[LeetCode] 1293. Shortest Path in a Grid with Obstacles Elimination

You are given an m x n integer matrix grid where each cell is either 0 (empty) or 1 (obstacle). You can move up, down, left, or right from and to an empty cell in one step.
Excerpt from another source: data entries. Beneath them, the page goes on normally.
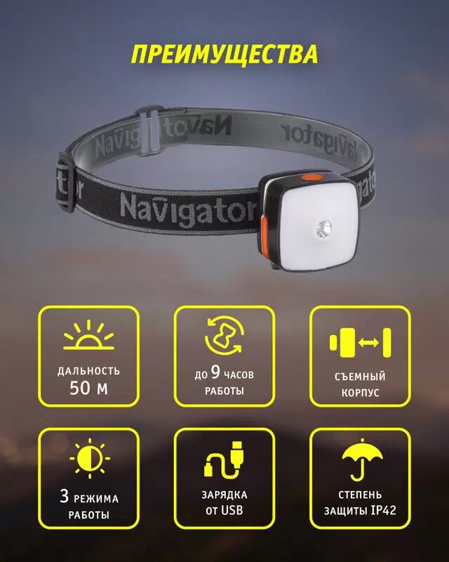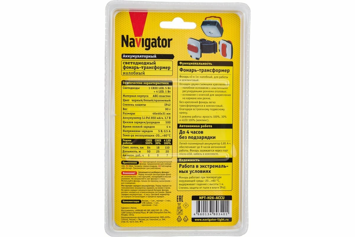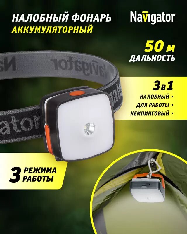 Фонарь налобный NAVIGATOR GROUP Navigator 80 340 NPT-H26-ACCU 1CREE LED 5 Вт+4LED 1 Вт,3 режима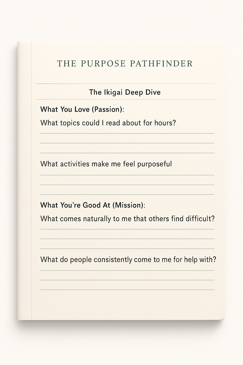 Printable purpose/Ikigai journal to clarify values and strengths, design small experiments, and align work and life. Instant PDF download.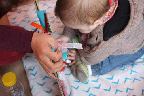 Au passage, vous pouvez apercevoir deux nouvelles bouteilles sensorielles : une avec des petits pompons et une autre avec des confettis du carnaval (celle avec les fleurs est à découvrir ici).
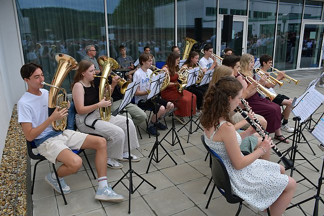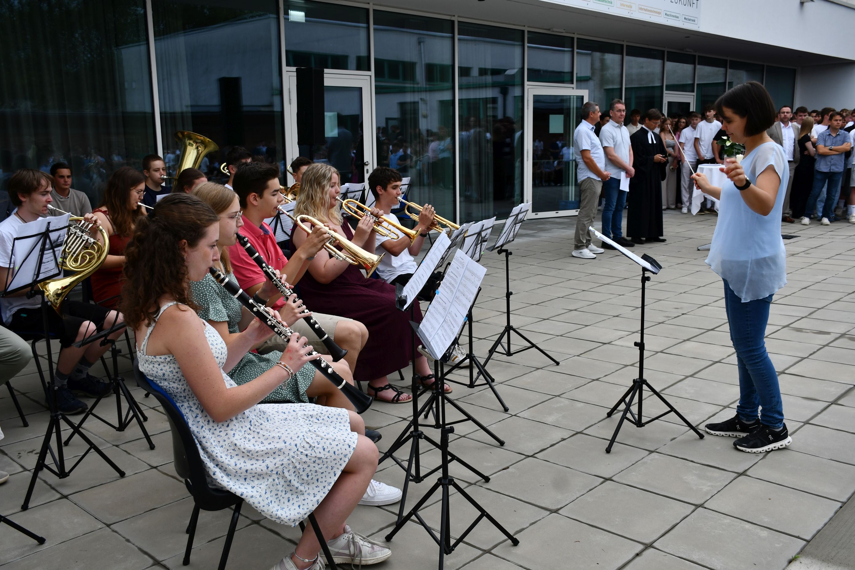 Direktor Wilfried Lercher dankte den musizierenden Schülerinnen und Schülern der HTL-Brassband für ihre Unterstützung bei der Gestaltung der Schulabschlussfeier. Er forderte die Gottesdienstteilnehmerinnen und -teilnehmer auf, so wie die Musikerinnen und Musiker das zu tun, was Freude bereitet und wünschte den Schülerinnen und Schülern sowie den Lehrerinnen und Lehrern schöne und erholsame Ferien.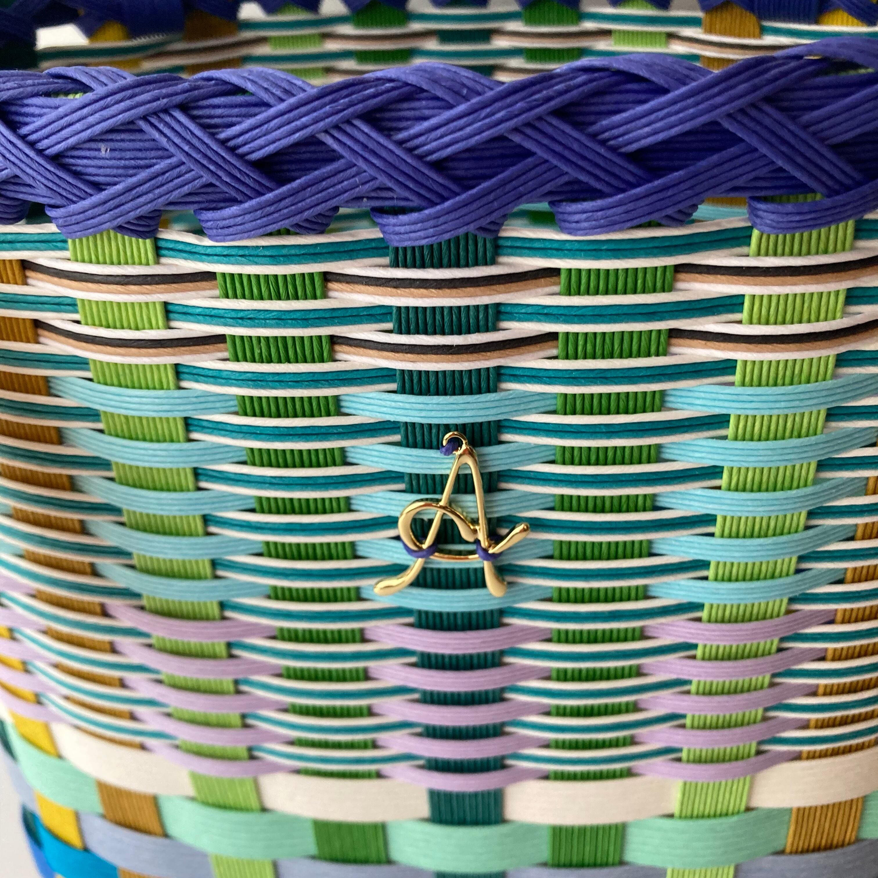 クラフトバンドで作成したカラフルで軽くて使いやすい大きさのカゴバッグです。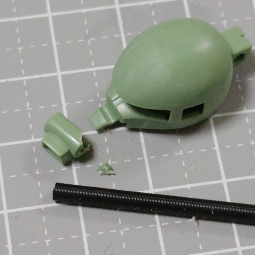 それで修正する際、この口のパーツをつまんでヤスリがけすると、指先が痛すぎたので、本体に接着して作業しました。最初からがっちり接着しておけば、穴を開けても欠けるリスクを減らせたんですよね。別に塗り分けも無い箇所ですし。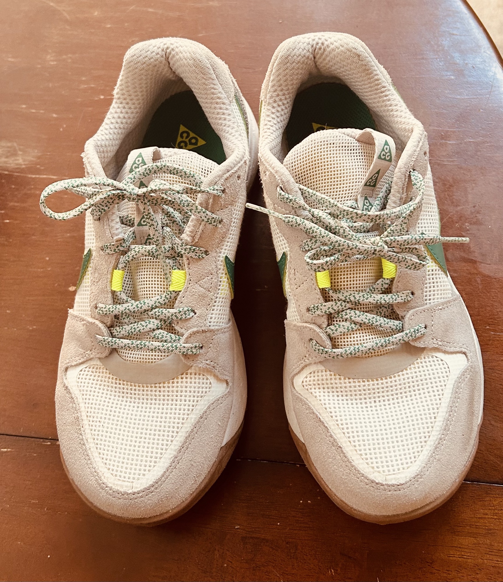 나이키 ACG 로우케이트(Nike ACG Lowcate) 베이지/그린 컬러 판매합니다. 아웃도어 활동은 물론 데일리 운동화로도 활용도가 정말 높은 모델입니다. • 사이즈: US 여성 6 (약 230mm) • 상태: 바닥 솔(돌기) 보시면 아시겠지만 마모가 거의 없는 아주 깨끗한 상태입니다. 전체적으로 오염 없이 관리 잘 되어 있습니다. • 특징: ACG 라인이라 내구성이 좋고, 쿠션감이 있어 오래 걸어도 발이 아주 편합니다. '꾸안꾸' 스타일에 딱 맞는 디자인이에요.

Return the minimum number of steps to walk from the upper left corner (0, 0) to the lower right corner (m - 1, n - 1) given that you can eliminate at most k obstacles. If it is not possible to find such walk return -1.

Example 1:

Input: grid = [[0,0,0],[1,1,0],[0,0,0],[0,1,1],[0,0,0]], k = 1
Output: 6
Explanation: 
The shortest path without eliminating any obstacle is 10.
The shortest path with one obstacle elimination at position (3,2) is 6. Such path is (0,0) -> (0,1) -> (0,2) -> (1,2) -> (2,2) -> (3,2) -> (4,2).

Example 2:

Input: grid = [[0,1,1],[1,1,1],[1,0,0]], k = 1
Output: -1
Explanation: We need to eliminate at least two obstacles to find such a walk.

Constraints:

• m == grid.length
• n == grid[i].length
• 1 <= m, n <= 40
• 1 <= k <= m * n
• grid[i][j] is either 0 or 1.
• grid[0][0] == grid[m - 1][n - 1] == 0

网格中的最短路径。

给你一个 m * n 的网格，其中每个单元格不是 0（空）就是 1（障碍物）。每一步，您都可以在空白单元格中上、下、左、右移动。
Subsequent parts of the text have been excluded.